In compliance with 740 ILCS 14/15(a), we maintain the following public retention and destruction schedule for biometric data processed through our Services:

Persona-held biometric data (ID image, selfie, face geometry). Persona retains this data according to their data processing agreement and applicable law. Their public retention schedule is available at withpersona.com/legal/privacy-policy. BarMatch does not control Persona's retention period independently. BarMatch-held biometric-derived data (verified users only). The face-geometry vector derived from your Persona-verified ID is stored in an AWS Rekognition Face Collection. It is retained for the duration of your active BarMatch account plus thirty (30) days after account closure, OR until your account is dormant (no app login) for three (3) consecutive years, whichever comes first. At either trigger, the vector is permanently and irreversibly deleted. If dormancy fires, you will be prompted to re-consent at next login if you wish to continue uploading profile photos.
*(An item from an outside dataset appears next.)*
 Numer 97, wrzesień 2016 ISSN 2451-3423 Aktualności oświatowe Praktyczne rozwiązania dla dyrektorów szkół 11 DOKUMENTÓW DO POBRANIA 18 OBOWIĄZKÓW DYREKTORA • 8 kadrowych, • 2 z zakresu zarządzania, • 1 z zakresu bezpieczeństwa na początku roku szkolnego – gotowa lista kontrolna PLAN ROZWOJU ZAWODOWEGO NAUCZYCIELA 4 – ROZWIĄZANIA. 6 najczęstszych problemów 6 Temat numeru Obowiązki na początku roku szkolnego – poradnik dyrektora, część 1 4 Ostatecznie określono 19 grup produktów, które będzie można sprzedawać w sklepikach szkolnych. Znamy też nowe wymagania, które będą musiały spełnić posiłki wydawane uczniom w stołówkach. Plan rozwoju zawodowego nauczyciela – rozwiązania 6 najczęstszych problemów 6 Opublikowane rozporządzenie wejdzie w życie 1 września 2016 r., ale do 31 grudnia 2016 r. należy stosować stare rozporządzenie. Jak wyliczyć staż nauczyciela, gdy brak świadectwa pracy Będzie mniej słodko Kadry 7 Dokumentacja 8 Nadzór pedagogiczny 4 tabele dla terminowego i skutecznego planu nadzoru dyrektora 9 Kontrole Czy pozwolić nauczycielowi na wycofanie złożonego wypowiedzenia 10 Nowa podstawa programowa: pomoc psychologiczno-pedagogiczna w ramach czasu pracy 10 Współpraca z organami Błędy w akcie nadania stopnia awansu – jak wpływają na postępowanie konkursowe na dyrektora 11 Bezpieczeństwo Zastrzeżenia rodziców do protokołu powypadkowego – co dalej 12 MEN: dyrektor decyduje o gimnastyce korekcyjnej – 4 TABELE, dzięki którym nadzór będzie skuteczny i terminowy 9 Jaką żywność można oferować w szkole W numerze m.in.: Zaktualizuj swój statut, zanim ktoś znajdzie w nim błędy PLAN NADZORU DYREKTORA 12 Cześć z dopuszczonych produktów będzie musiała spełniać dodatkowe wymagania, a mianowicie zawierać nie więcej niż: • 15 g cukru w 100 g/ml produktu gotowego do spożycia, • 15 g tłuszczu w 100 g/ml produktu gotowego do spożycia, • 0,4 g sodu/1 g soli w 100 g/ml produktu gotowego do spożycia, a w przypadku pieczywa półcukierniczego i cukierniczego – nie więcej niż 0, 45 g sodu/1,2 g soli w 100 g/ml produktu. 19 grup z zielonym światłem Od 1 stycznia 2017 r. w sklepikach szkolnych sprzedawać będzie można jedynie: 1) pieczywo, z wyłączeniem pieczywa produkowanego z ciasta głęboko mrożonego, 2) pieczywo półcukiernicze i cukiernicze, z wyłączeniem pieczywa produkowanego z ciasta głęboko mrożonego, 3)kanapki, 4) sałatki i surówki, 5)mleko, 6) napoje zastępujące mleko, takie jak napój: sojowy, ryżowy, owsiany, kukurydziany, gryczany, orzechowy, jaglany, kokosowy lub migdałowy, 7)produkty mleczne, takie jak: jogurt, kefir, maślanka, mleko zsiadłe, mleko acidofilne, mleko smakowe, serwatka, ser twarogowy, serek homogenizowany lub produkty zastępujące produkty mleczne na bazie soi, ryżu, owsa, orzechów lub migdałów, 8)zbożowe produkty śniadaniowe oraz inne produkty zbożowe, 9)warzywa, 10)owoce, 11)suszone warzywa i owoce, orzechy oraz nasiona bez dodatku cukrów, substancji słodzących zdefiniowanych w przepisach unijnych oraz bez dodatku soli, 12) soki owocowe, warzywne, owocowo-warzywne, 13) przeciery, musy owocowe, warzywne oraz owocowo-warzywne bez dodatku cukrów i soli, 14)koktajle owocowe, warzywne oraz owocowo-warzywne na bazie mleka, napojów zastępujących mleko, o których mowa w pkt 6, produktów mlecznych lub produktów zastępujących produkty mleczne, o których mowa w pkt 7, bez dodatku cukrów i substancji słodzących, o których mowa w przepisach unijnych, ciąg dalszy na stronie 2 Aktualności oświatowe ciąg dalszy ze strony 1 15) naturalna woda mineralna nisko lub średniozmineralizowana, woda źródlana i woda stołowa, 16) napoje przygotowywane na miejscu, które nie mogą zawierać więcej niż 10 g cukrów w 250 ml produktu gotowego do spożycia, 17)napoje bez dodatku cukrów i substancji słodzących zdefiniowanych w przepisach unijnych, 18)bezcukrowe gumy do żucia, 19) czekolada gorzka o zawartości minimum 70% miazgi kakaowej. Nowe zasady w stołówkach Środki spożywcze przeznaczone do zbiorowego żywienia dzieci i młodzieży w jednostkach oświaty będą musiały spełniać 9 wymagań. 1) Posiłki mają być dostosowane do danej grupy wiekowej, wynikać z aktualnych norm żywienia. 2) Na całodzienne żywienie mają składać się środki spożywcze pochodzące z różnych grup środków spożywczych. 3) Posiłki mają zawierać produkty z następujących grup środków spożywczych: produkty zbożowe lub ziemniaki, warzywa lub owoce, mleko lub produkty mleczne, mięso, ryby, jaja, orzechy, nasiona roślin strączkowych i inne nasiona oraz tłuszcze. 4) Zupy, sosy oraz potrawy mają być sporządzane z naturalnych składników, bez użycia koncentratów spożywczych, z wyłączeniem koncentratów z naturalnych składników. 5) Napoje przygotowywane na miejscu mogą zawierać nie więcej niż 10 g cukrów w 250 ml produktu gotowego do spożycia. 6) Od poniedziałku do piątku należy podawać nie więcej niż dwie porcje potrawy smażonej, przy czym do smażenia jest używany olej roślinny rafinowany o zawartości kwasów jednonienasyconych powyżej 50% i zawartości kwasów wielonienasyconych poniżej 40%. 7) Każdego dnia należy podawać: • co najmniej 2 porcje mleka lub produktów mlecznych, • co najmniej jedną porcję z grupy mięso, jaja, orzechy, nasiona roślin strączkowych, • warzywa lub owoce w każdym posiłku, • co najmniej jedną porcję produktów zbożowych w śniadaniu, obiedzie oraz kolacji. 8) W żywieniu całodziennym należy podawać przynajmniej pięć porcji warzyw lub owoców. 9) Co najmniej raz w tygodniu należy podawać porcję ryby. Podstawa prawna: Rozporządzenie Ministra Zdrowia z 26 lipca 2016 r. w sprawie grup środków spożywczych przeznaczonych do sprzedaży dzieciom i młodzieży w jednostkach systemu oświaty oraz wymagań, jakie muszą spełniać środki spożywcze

See the standalone BIPA Notice for the full retention + destruction schedule, including destruction triggered on user request and on expiration of the business need.
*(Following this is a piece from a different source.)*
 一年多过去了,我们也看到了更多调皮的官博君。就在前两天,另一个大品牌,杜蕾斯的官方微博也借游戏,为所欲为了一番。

10.4 Disclosure, sale, and dissemination

In compliance with 740 ILCS 14/15(d), BarMatch does not sell, lease, trade, or otherwise profit from your biometric data, and does not disclose, redisclose, or otherwise disseminate your biometric data except:

To the service provider (Persona) collecting and processing the biometric data on your behalf and BarMatch's behalf; To comply with a valid warrant, subpoena, or court order issued by a court of competent jurisdiction; or As required by federal, state, or local law or municipal ordinance.

10.5 Standard of care

In compliance with 740 ILCS 14/15(e), BarMatch and its service providers store, transmit, and protect from disclosure all biometric data using the reasonable standard of care within our industry, and in a manner that is the same as or more protective than the manner in which we store, transmit, and protect other confidential and sensitive information.

10.6 Your BIPA rights

Illinois residents may at any time:

Request information about biometric data we cause to be collected from you, the purpose of collection, and our retention schedule. Withdraw consent to future biometric collection (further uploads will be blocked but past data will be destroyed per the schedule above). Request immediate destruction of biometric-derived data we hold about you. We will honor this request within thirty (30) days for data we directly control. For data held by Persona, we will forward the request and identify Persona's contact for direct follow-up.
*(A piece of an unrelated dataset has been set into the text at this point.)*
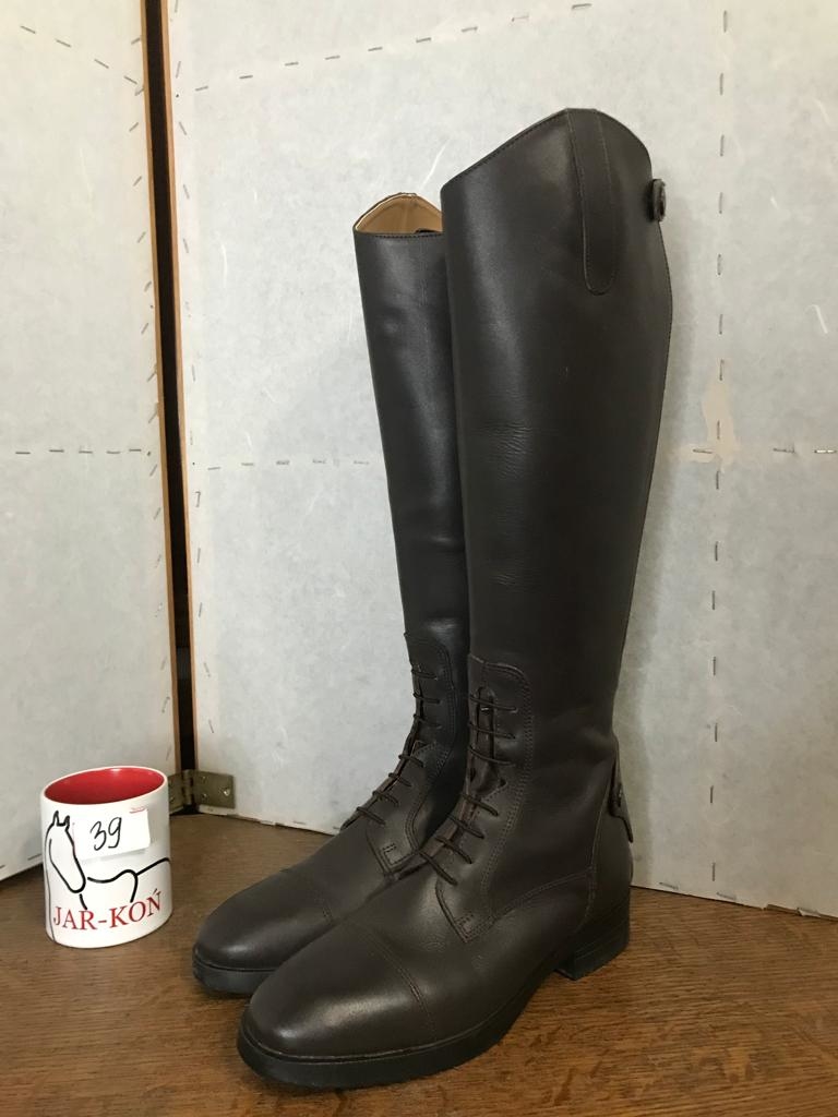 39.40. BRĄZOWE, SKÓRZANE OFICERKI, ROZMIAR 40, FIRMA STEEDS, ŁYDKA 39, WYS.: 44CM

Send BIPA requests to privacy@barmatch.com with "Illinois BIPA request" in the subject line.

11. Changes to this Privacy Policy

We may update this Policy from time to time. When we make material changes, we will notify you through the app, by email, or by an in-app banner before the change takes effect, and we will revise the "Last updated" date at the top of this document. Continued use of the Service after a change indicates your acceptance of the updated Policy.

12. Contact us

If you have questions about this Privacy Policy or our privacy practices, contact us at:

Mail: BarMatch LLC

980 N MICHIGAN AVE STE 1090 # 943505, CHICAGO, IL 606110000

Or electronically:
privacy@barmatch.com

We will respond to verifiable consumer requests within 30 days, or within 45 days where additional time is required and permitted by law.